This summer I visited Dublin Cathedral and as we were walking around I came across a door standing in the middle of the floor. It is a very old wooden door with a curious hole in the middle. Drawing closer we realized it was not only a door of significance but in fact is the door behind the phrase “to chance your arm.”
It seems that in the year 1492 the Butlers of Ormonde and the FitzGeralds of Kildare were rivals families locked in a longstanding dispute over who should be the Lord Deputy. No resolution was reached and in that year the dispute became violent and a small battle occurred outside Dublin city walls.
The fight did not go well for the Butlers and so, realizing fortune had turned against them, they fled to St Patrick’s Cathedral where they took refuge.
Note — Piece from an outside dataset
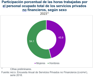 En el agregado de los servicios privados no financieros, la participación de horas trabajadas por las mujeres fue de 45.9% y la de hombres, de 54.1 por ciento. En 2022, la participación de horas trabajadas fue semejante: 46.8% de mujeres y 53.2% de hombres.

Their enemies pursued them to the cathedral and asked them to open the door and come out and agree to a peace.
The Butlers did not believe that they could trust the Fitzgeralds and so refused to open the door as they feared they would be killed.
So it was that Gerald FitzGerald asked for an axeman to chop a hole in the door. When this was done he pushed his hand through the door as a gesture of peace. The head of the Butler family took this as a sign of good faith and shook hands with Gerald. The fighting was over and peace restored.
The door is known today as the “Door of Reconciliation”. It is believed then that this story was the origin of a commonly used Irish phrase “To chance your arm” or to take a risk.